What is the lifetime of a const variable?

In this tutorial page, it says:

  • const: An unchangeable value (the common case).
  • static: A possibly mutable variable with ['static] lifetime. The static lifetime is inferred and does not have to be specified. Accessing or modifying a mutable static variable is [unsafe].

It doesn't say what is the lifetime of const.

By commonsense, when you intentionally say something is static, that means other things are not static, so in this case I assume const's lifetime is not 'static.
Then what is its lifetime?

Thanks in advance!

const values get inserted into wherever they are used, so the const declaration itself doesn't have any associated lifetime. When you assign it to a variable, a new value is created, and that value is dropped if/when the variable is dropped.

const A: i32 = 5;
    let x = A;
    let y = &x;
} // y has an &'a i32 and 'a ends here

If you take a reference to a constant, it usually undergoes constant promotion, which essentially creates a hidden static to get a reference to.

const A: i32 = 5;
    let x = &A;
} // x has an &'static i32

If it doesn't get constant promotion by the rules linked above, it will get temporary lifetime extension (the next thing on the same page), which means it creates a hidden local variable that is dropped at the end of the current scope, similar to the first example.

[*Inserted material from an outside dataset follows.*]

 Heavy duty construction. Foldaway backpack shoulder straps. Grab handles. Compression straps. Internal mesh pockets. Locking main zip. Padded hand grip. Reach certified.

const A: Cell<i32> = Cell::new(5); // Cell has interior mutability
    let x = &A;
} // x has an &'a i32 and 'a ends here

Any lifetimes within the constant are always 'static.

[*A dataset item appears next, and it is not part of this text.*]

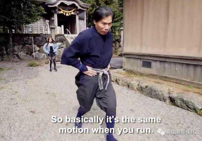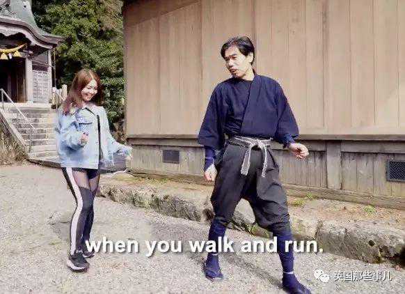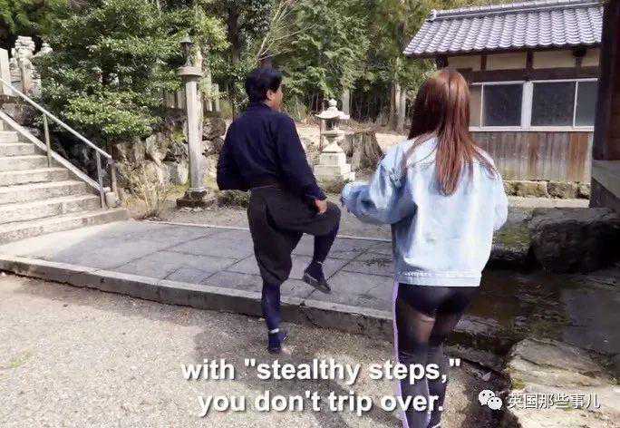 展示完了忍者的武器,川上大爷开始展示忍者特有步伐,在古代夜晚,地面上总是凹凸不平,为了不被绊倒,忍者需要用这种高抬腿的“鬼祟步”,才能一直保持安静和隐蔽.

const A: &i32 = &5; // A is &'static i32

I'm not sure if this is technically constant promotion, temporary lifetime extension, or something else, but the result is you get a 'static lifetime either way.

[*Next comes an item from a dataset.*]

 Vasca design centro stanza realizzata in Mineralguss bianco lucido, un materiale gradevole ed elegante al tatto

Note that this is an actually bad example - if you need interior mutability, you need static or thread_local (which can be modified from one place and then read from another), not const.

This basically makes A a short way to write Cell::new(5). But the point is that this is a value that doesn't get const promoted. Nearly any value you put in a const that doesn't get const promoted is going to be a bad idea, not useful, or at least confusing.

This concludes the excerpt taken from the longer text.